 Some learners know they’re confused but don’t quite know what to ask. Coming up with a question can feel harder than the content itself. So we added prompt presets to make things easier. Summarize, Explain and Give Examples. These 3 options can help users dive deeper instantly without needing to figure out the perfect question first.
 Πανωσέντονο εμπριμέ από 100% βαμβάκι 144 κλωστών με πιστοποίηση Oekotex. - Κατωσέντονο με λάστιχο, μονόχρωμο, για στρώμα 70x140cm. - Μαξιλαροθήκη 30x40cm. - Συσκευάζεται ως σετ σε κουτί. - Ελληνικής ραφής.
──────
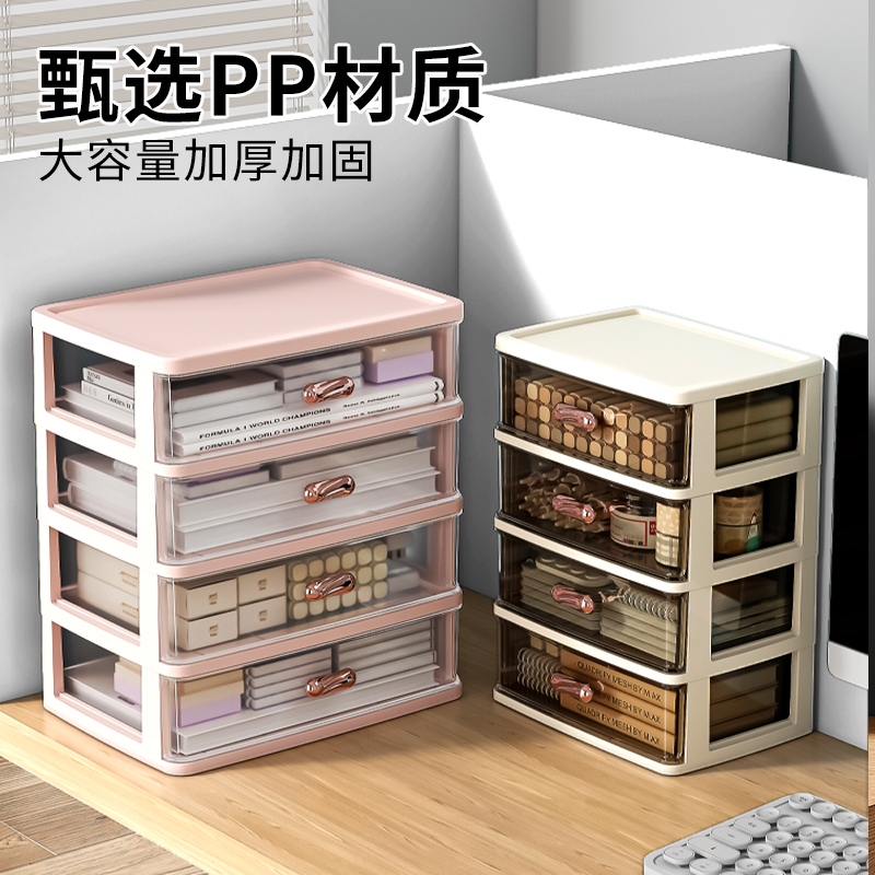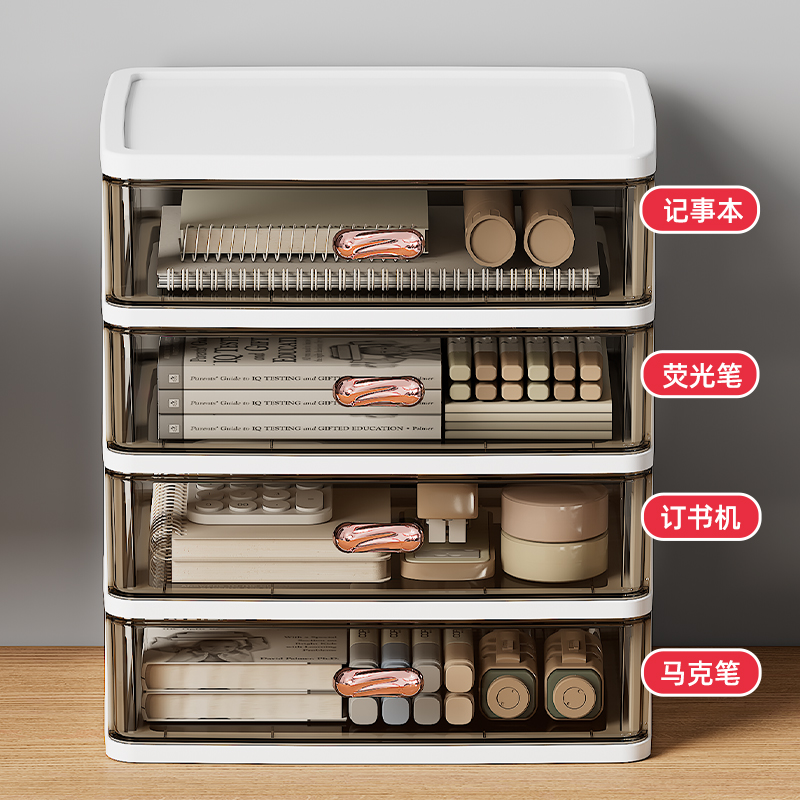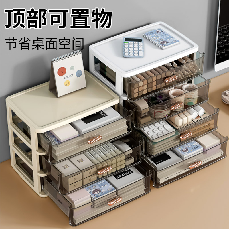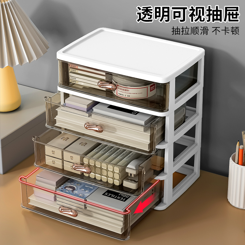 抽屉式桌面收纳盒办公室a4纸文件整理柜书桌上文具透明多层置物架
──────
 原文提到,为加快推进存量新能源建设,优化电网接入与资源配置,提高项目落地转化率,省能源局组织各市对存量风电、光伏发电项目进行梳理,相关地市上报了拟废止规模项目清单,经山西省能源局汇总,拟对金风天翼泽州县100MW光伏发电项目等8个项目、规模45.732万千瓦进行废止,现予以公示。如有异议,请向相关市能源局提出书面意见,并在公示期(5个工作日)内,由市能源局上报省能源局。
──────
**Problem requirements**
Given the records above, reproduce precisely and only the lines between the line holding "Some learners know" and the line holding "Πανωσέντονο εμπριμέ από", inclusive.

**Your solution**
 Some learners know they’re confused but don’t quite know what to ask. Coming up with a question can feel harder than the content itself. So we added prompt presets to make things easier. Summarize, Explain and Give Examples. These 3 options can help users dive deeper instantly without needing to figure out the perfect question first.
 Πανωσέντονο εμπριμέ από 100% βαμβάκι 144 κλωστών με πιστοποίηση Oekotex. - Κατωσέντονο με λάστιχο, μονόχρωμο, για στρώμα 70x140cm. - Μαξιλαροθήκη 30x40cm. - Συσκευάζεται ως σετ σε κουτί. - Ελληνικής ραφής.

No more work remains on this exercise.